Your assignment:
Copy all lines below exactly as written. Leave pictures out.

Collected material:
________

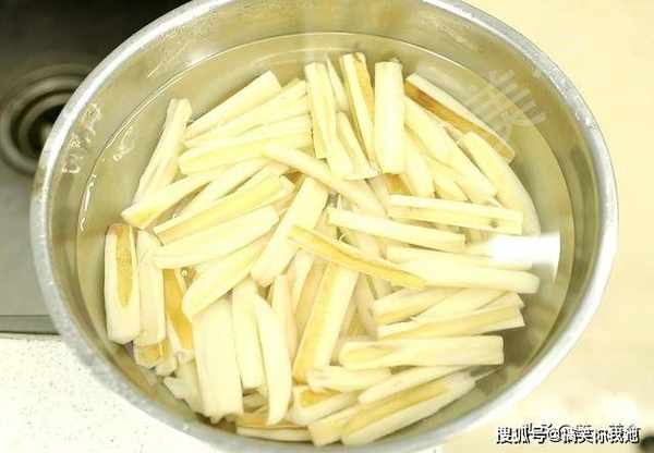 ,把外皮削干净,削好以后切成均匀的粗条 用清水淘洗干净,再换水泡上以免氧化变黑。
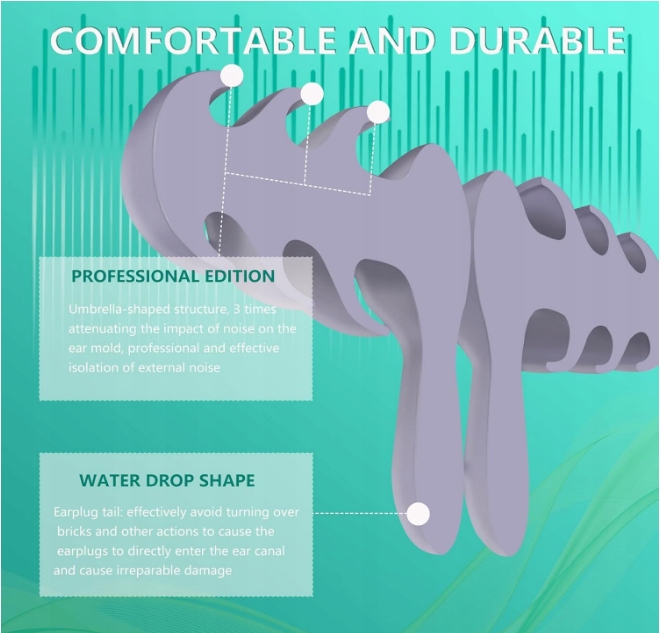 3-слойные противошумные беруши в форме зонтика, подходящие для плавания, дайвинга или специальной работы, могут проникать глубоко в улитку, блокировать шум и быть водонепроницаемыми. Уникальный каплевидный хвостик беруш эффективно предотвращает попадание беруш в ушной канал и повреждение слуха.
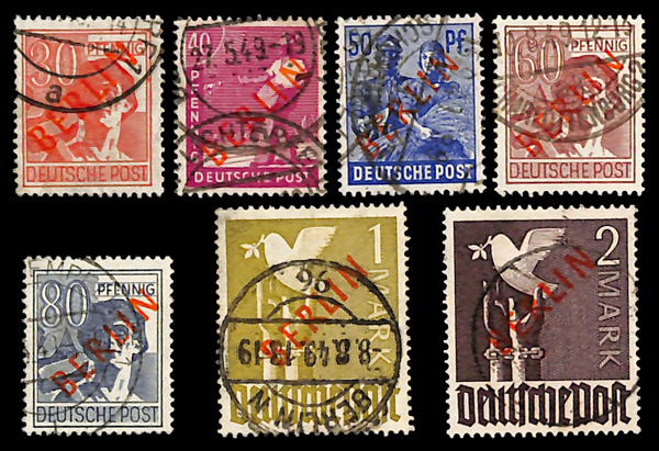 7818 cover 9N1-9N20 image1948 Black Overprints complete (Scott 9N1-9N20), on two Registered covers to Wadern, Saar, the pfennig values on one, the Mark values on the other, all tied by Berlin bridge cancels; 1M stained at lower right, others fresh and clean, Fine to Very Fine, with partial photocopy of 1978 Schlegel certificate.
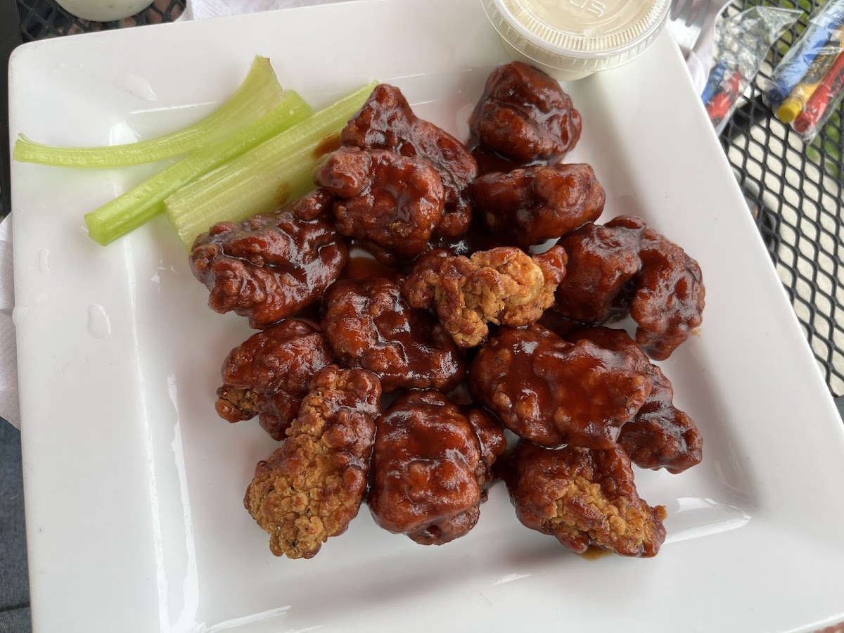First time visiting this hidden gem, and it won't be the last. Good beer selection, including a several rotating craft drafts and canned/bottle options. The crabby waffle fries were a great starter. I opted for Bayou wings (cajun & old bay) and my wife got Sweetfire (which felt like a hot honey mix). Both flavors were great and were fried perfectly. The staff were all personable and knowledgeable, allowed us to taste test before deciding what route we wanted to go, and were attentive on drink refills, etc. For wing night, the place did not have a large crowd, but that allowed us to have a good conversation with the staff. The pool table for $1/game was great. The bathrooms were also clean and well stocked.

________

Solution to this exercise:
 ,把外皮削干净,削好以后切成均匀的粗条 用清水淘洗干净,再换水泡上以免氧化变黑。
 3-слойные противошумные беруши в форме зонтика, подходящие для плавания, дайвинга или специальной работы, могут проникать глубоко в улитку, блокировать шум и быть водонепроницаемыми. Уникальный каплевидный хвостик беруш эффективно предотвращает попадание беруш в ушной канал и повреждение слуха.
 7818 cover 9N1-9N20 image1948 Black Overprints complete (Scott 9N1-9N20), on two Registered covers to Wadern, Saar, the pfennig values on one, the Mark values on the other, all tied by Berlin bridge cancels; 1M stained at lower right, others fresh and clean, Fine to Very Fine, with partial photocopy of 1978 Schlegel certificate.
First time visiting this hidden gem, and it won't be the last. Good beer selection, including a several rotating craft drafts and canned/bottle options. The crabby waffle fries were a great starter. I opted for Bayou wings (cajun & old bay) and my wife got Sweetfire (which felt like a hot honey mix). Both flavors were great and were fried perfectly. The staff were all personable and knowledgeable, allowed us to taste test before deciding what route we wanted to go, and were attentive on drink refills, etc. For wing night, the place did not have a large crowd, but that allowed us to have a good conversation with the staff. The pool table for $1/game was great. The bathrooms were also clean and well stocked.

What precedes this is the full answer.